Input for this task -
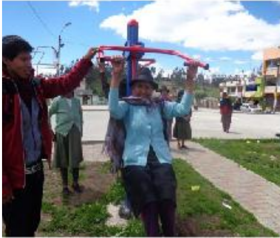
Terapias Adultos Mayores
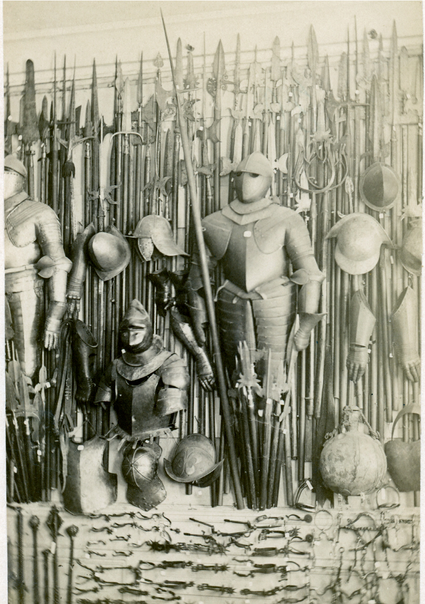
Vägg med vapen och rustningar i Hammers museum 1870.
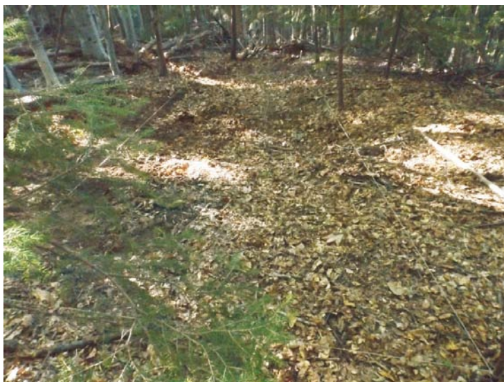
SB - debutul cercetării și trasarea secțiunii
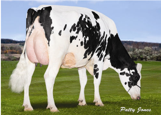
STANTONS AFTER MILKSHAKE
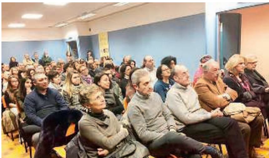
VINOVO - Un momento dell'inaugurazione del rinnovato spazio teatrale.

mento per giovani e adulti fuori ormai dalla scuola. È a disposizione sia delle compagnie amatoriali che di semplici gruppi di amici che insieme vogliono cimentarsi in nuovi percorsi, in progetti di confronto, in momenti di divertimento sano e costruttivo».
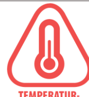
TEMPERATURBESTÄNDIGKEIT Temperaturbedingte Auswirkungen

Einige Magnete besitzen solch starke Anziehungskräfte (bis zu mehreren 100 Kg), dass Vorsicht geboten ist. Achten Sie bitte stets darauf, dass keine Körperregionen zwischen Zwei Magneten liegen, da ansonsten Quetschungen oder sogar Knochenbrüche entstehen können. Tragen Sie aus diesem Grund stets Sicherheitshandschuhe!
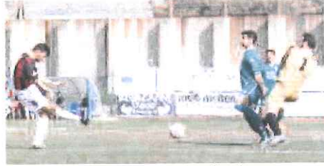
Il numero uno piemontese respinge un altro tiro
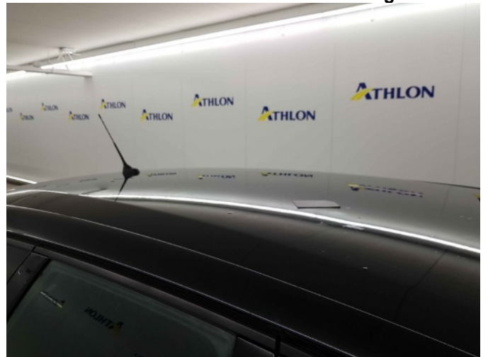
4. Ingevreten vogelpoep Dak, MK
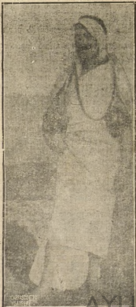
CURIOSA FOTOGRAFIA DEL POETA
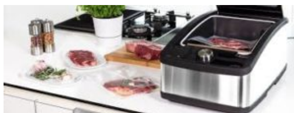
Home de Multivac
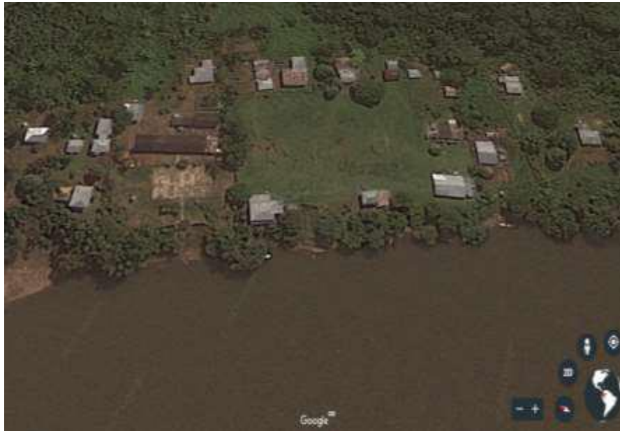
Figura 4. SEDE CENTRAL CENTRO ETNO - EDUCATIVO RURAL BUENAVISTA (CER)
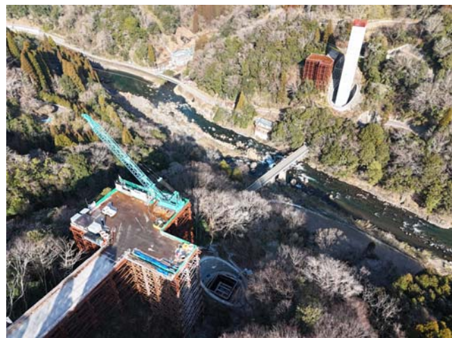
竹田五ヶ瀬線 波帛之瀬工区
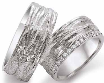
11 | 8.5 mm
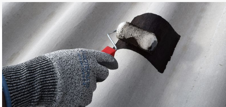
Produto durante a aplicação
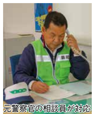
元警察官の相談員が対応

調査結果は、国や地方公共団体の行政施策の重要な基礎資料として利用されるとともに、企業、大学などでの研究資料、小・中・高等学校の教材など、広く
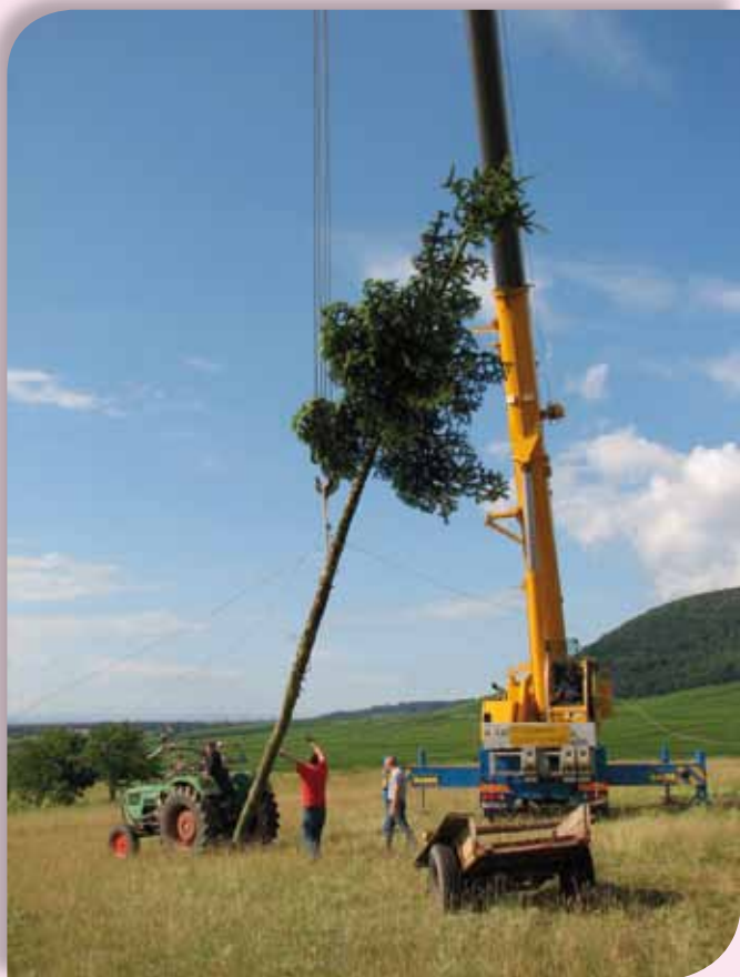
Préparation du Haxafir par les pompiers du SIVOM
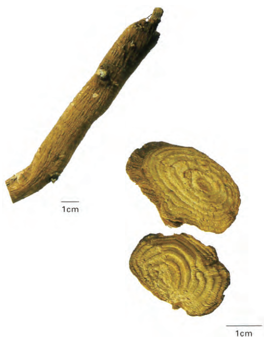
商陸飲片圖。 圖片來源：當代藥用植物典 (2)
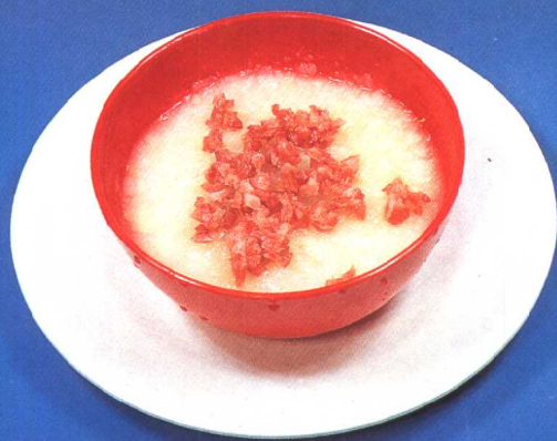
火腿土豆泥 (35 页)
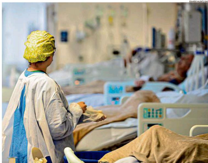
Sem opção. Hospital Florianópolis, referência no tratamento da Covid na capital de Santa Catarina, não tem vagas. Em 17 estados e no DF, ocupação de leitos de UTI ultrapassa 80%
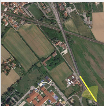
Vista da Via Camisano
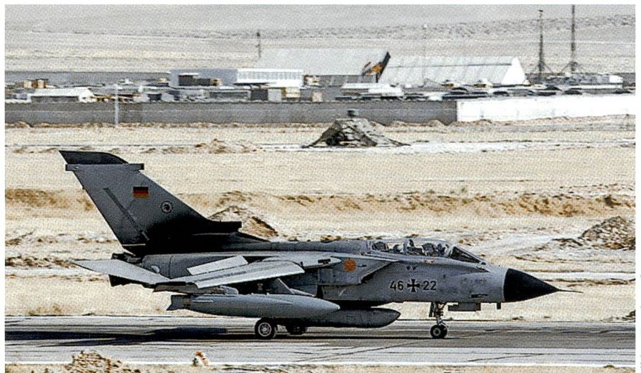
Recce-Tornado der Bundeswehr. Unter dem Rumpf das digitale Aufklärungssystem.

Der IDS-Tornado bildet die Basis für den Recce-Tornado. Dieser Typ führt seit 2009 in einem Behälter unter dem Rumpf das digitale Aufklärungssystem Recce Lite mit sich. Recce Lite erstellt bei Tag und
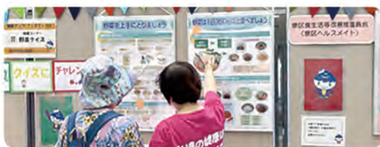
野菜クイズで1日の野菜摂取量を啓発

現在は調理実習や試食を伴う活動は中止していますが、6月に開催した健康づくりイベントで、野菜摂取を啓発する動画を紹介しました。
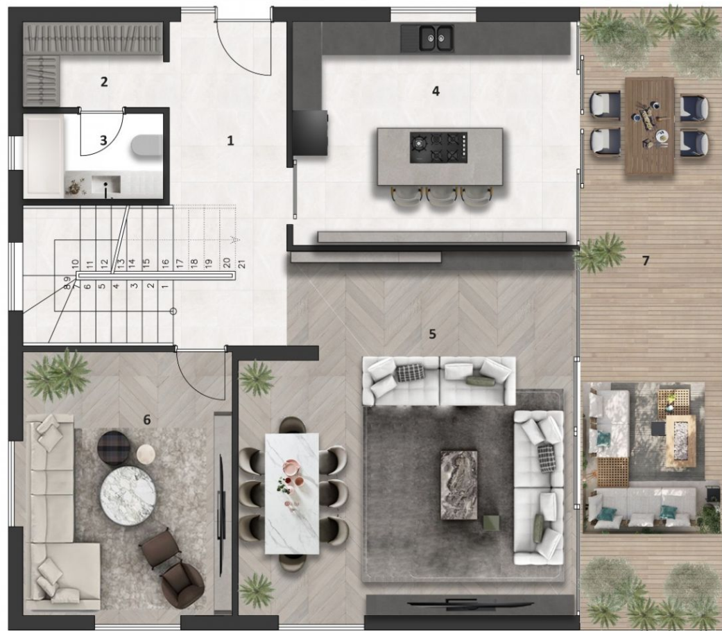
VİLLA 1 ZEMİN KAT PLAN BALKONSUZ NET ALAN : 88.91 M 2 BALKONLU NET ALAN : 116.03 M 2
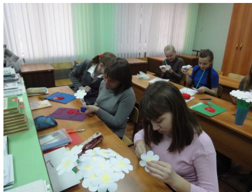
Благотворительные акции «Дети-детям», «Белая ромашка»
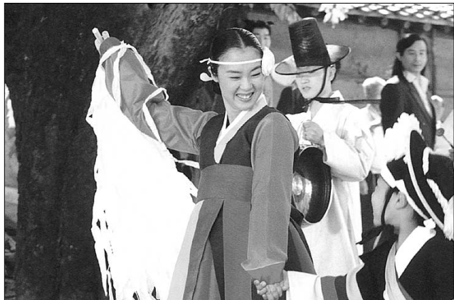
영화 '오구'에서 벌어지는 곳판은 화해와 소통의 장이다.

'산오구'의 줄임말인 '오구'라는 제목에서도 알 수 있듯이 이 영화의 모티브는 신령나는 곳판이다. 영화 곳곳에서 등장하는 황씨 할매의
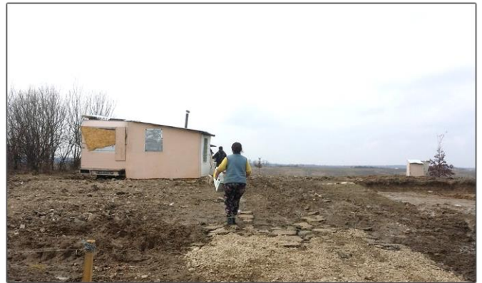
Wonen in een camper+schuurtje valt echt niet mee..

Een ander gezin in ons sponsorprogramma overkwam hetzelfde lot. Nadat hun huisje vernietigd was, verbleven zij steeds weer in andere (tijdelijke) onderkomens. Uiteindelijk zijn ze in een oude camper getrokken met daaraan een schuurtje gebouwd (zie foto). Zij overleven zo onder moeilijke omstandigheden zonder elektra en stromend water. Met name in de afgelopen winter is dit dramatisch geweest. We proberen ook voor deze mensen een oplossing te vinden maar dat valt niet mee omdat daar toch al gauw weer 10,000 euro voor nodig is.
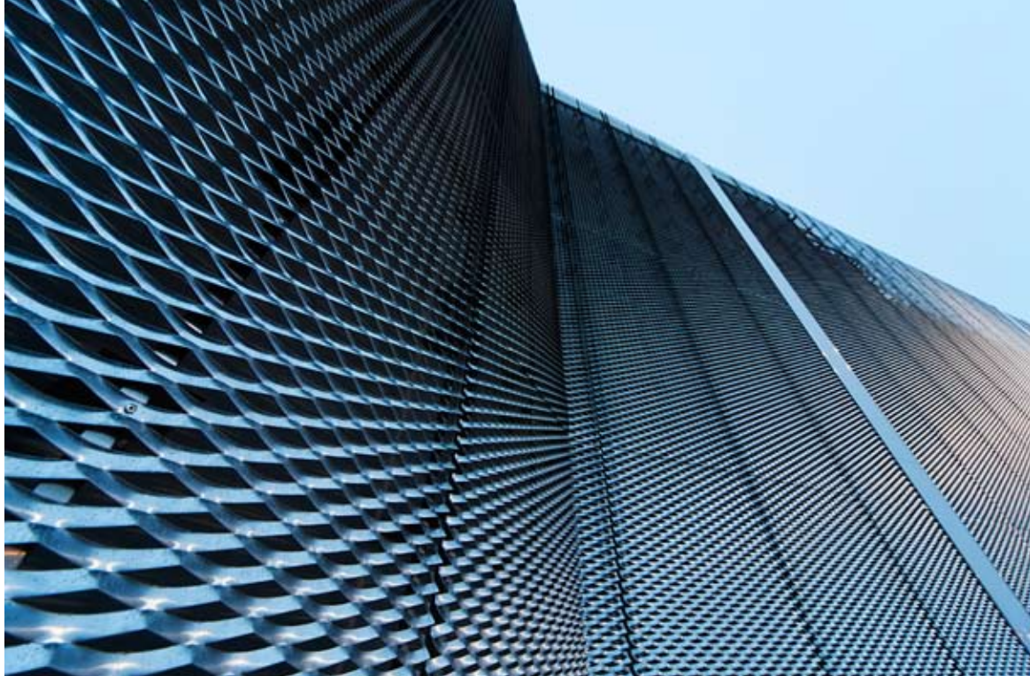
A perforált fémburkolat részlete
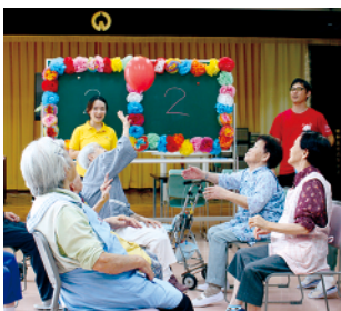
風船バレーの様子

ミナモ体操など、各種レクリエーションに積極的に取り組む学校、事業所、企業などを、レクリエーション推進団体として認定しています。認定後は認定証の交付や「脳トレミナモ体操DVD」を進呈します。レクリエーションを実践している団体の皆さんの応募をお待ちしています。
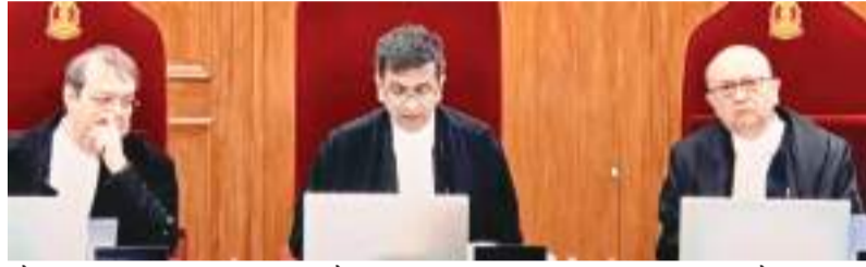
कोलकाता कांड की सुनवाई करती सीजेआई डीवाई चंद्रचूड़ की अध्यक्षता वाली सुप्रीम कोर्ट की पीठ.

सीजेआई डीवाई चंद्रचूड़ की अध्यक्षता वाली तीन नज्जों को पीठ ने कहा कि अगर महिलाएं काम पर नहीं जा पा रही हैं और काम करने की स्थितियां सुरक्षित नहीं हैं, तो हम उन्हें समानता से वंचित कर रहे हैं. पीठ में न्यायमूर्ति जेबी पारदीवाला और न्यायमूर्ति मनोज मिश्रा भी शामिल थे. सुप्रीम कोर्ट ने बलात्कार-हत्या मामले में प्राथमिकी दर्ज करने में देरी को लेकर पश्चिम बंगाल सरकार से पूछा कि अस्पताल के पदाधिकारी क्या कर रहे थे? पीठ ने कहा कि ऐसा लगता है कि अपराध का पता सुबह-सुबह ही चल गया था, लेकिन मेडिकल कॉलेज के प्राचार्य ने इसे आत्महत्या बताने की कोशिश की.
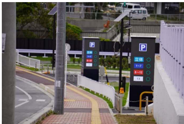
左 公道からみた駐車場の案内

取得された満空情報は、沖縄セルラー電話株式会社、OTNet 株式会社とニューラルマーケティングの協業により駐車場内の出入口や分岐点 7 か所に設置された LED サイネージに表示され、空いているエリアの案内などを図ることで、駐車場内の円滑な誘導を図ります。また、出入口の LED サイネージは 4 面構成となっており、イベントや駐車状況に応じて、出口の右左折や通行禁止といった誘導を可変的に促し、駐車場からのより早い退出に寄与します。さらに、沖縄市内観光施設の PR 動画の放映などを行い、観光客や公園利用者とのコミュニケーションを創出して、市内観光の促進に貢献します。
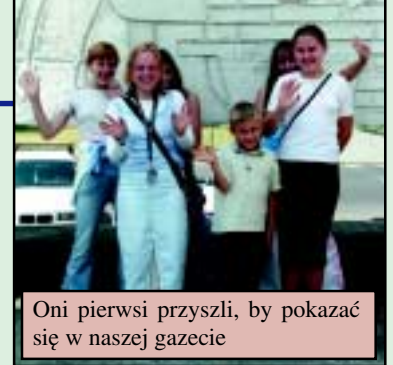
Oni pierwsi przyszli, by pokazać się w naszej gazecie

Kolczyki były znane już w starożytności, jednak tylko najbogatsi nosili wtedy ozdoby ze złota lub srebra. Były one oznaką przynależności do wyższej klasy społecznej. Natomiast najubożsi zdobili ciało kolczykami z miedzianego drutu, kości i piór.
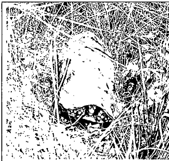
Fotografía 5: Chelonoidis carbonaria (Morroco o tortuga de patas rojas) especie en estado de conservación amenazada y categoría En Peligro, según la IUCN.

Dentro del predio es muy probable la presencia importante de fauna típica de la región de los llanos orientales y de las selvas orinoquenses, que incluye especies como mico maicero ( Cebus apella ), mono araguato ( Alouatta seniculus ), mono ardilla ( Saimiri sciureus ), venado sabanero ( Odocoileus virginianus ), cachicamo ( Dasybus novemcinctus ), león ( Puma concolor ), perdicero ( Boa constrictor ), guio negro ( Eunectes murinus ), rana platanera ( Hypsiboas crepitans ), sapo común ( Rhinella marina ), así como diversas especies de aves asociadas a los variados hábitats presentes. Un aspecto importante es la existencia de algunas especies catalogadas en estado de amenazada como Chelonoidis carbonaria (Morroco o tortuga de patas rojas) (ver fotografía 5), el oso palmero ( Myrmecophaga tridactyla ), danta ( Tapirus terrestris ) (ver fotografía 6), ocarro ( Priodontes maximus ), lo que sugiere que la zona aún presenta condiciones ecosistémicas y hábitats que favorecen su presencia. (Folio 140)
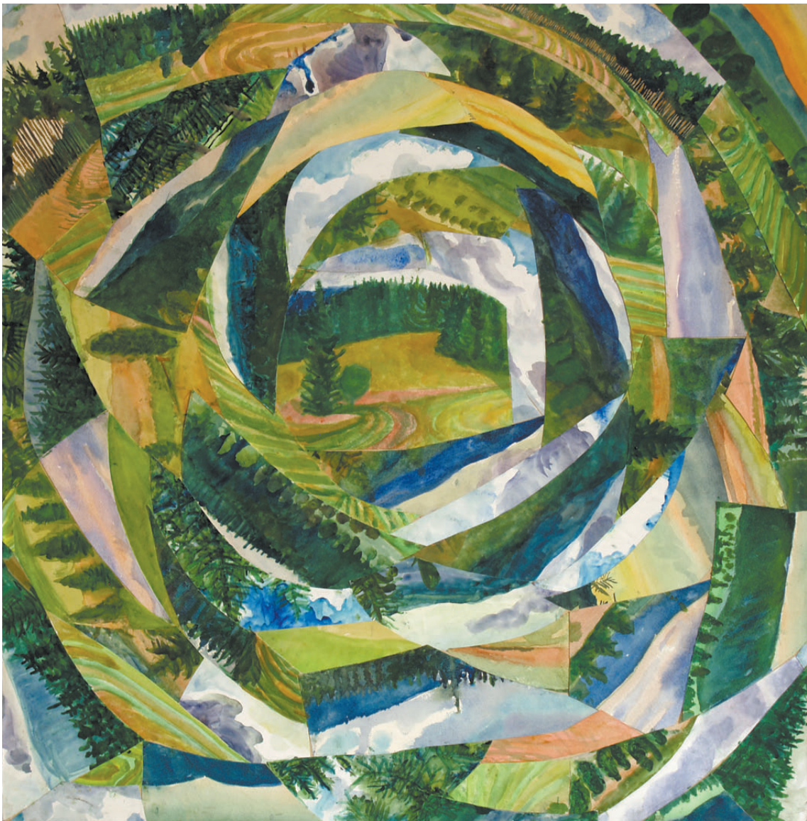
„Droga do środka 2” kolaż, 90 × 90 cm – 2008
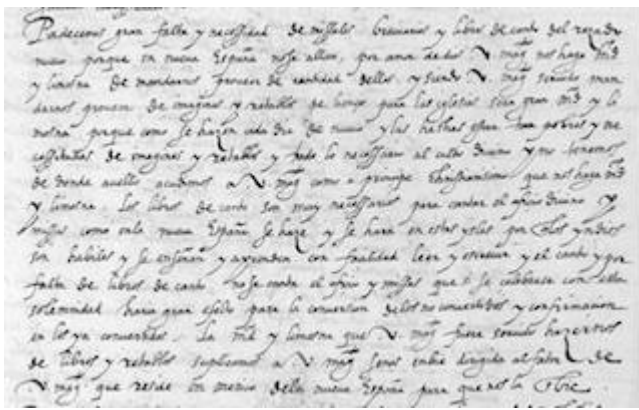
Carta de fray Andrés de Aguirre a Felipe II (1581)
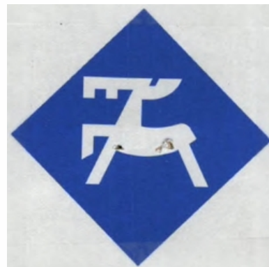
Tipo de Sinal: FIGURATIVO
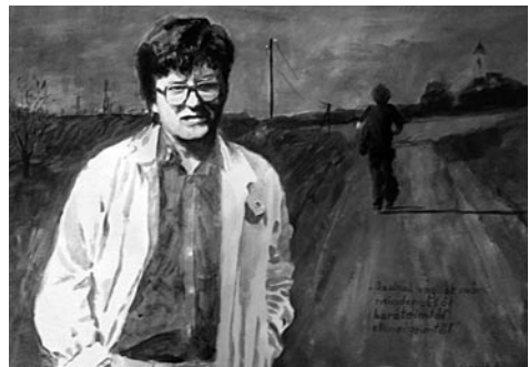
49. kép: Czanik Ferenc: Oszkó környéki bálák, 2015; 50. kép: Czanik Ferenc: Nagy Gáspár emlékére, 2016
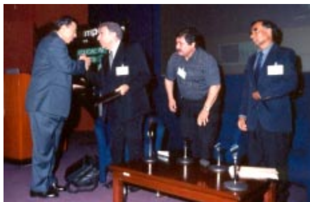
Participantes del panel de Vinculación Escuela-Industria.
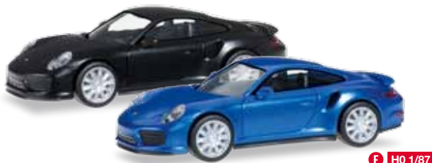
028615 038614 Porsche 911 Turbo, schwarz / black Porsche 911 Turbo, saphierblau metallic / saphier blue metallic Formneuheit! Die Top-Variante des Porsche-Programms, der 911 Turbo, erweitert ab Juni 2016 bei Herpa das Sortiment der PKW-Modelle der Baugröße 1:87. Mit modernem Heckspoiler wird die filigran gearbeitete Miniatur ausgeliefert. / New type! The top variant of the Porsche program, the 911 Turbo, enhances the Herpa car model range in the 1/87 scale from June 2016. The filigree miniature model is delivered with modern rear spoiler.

Activity - Could you set down, exactly as written, every line from the start of the records above through the line containing "元警察官の相談員が対応", leaving the pictures out?

Answer box -
Terapias Adultos Mayores
Vägg med vapen och rustningar i Hammers museum 1870.
SB - debutul cercetării și trasarea secțiunii
STANTONS AFTER MILKSHAKE
VINOVO - Un momento dell'inaugurazione del rinnovato spazio teatrale.

mento per giovani e adulti fuori ormai dalla scuola. È a disposizione sia delle compagnie amatoriali che di semplici gruppi di amici che insieme vogliono cimentarsi in nuovi percorsi, in progetti di confronto, in momenti di divertimento sano e costruttivo».
TEMPERATURBESTÄNDIGKEIT Temperaturbedingte Auswirkungen

Einige Magnete besitzen solch starke Anziehungskräfte (bis zu mehreren 100 Kg), dass Vorsicht geboten ist. Achten Sie bitte stets darauf, dass keine Körperregionen zwischen Zwei Magneten liegen, da ansonsten Quetschungen oder sogar Knochenbrüche entstehen können. Tragen Sie aus diesem Grund stets Sicherheitshandschuhe!
Il numero uno piemontese respinge un altro tiro
4. Ingevreten vogelpoep Dak, MK
CURIOSA FOTOGRAFIA DEL POETA
Home de Multivac
Figura 4. SEDE CENTRAL CENTRO ETNO - EDUCATIVO RURAL BUENAVISTA (CER)
竹田五ヶ瀬線 波帛之瀬工区
11 | 8.5 mm
Produto durante a aplicação
元警察官の相談員が対応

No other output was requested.